Sumeet is Assistant Professor in Neuroradiology at Rush University, Chicago. He showed very interesting cases as examples to demonstrate various vascular pathologies. All the images in this blog and the subsequent one are also contributed by him; a huge thanks!
Case no.1: Intracranial atherosclerotic disease – 54 yr old male, presenting with R sided weakness, prior strokes, k/c/o HTN, DM.
Small lacunar infarcts occur due to small vessel disease, wedge shaped peripheral infarcts are usually due to embolism, watershed infarcts occur due to global hypotension and associated carotid plaques, and large arterial territory infarcts are seen in complete vessel occlusion.
Apart from routine MRA, Vessel Wall Imaging (VWI) may be performed in cases where there are other differentials (discussed below); culprit atherosclerotic plaques may demonstrate eccentric enhancement.
High resolution vessel wall imaging (A & B) shows eccentric enhancement involving the inferior wall of the cavernous left internal carotid artery and minimal concentric enhancement on the right.
Case no. 2: Moyamoya disease
Coronal MIP CT angiogram (A) and right carotid injection DSA (B) showing bilateral severe ICA & MCA narrowing with puff of smoke appearance. Oblique MIP CT angiogram of the neck showing champagne-bottle neck sign seen in advanced cases of Moyamoya disease.
The classic puff-of-smoke appearance of lenticulostriate & thalamostriate collaterals is seen on DSA. Equivalent collateral vessels may be seen on CTA/MRI.
Presence of Champagne bottle neck sign of ICA in the neck suggests a more severe disease and worse prognosis. Please read the AJNR article below for more details.
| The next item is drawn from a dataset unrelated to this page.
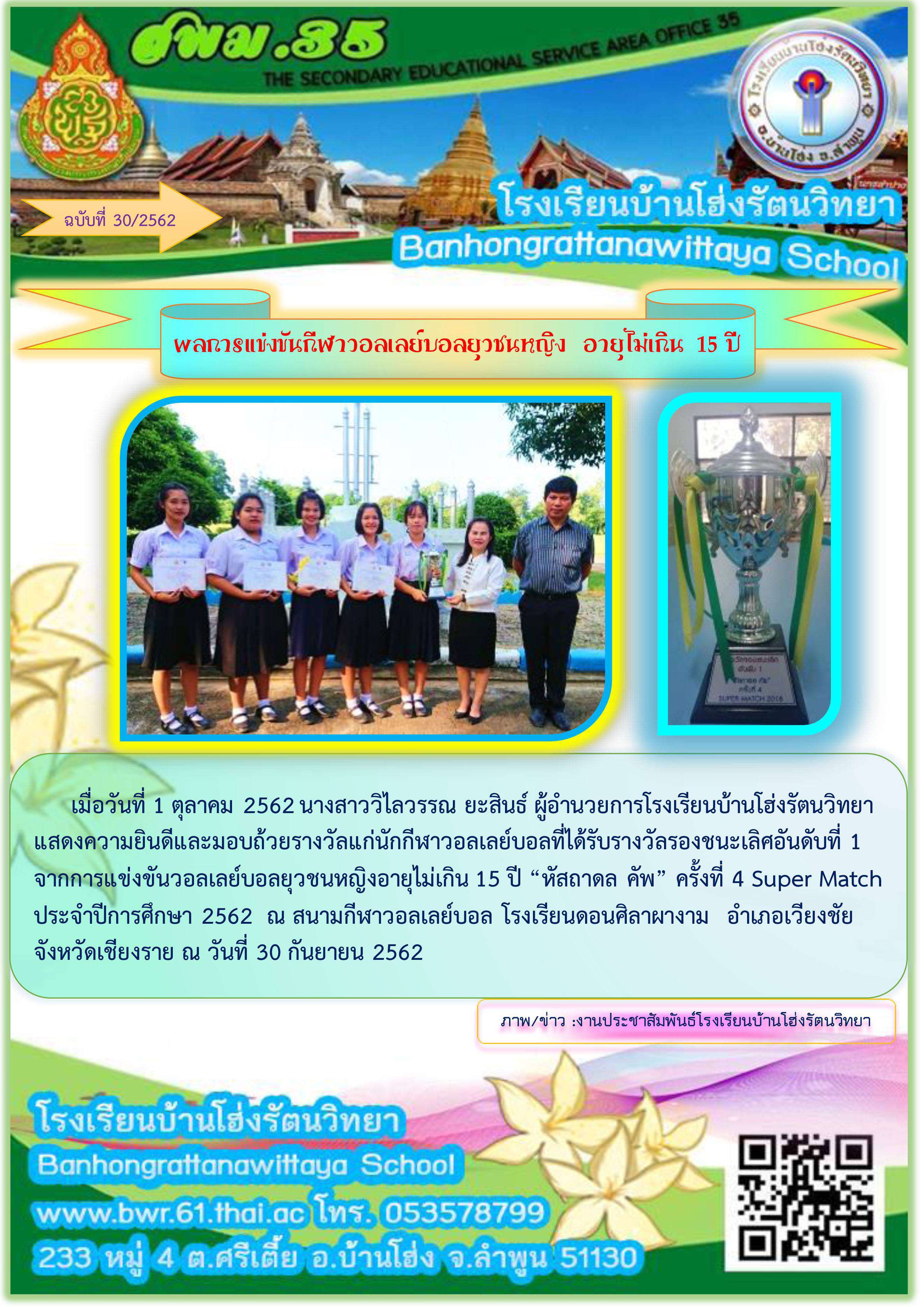 เมื่อวันที่ 1 ตุลาคม 2562 นางสาววิไลวรรณ ยะสินธ์ ผู้อำนวยการโรงเรียนบ้านโฮ่งรัตนวิทยา แสดงความยินดีและมอบถ้วยรางวัลแก่นักกีฬาวอลเลย์บอลที่ได้รับรางวัลรองชนะเลิศอันดับที่ 1 จากการแข่งขันวอลเลย์บอลยุวชนหญิงอายุไม่เกิน 15 ปี "หัสถาดล คัพ" ครั้งที่ 4 Super Match ประจำปีการศึกษา 2562 ณ สนามกีฬาวอลเลย์บอล โรงเรียนดอนศิลาผางาม อำเภอเวียงชัย จังหวัดเชียงราย ณ วันที่ 30 กันยายน 2562

Case no. 3: Arterial dissection – c/o vertigo with history of minor neck manipulation
B/L cerebellar hemispheres infarcts (images not shown) due to arterial dissection seen in the case.
Coronal post contrast MRA (A) shows tapered narrowing and occlusion of the right vertebral artery. Axial T2 weighted (B) and axial black blood T1 weighted (C) images show absence of flow void and T1 hyperintensity in the right V2 segment respectively.
Most common presenting complaint is neck pain. CTA/ MRA may detect it. Black blood sequence will demonstrate an eccentric intramural T1 hyperintensity, which represents subacute dissected blood.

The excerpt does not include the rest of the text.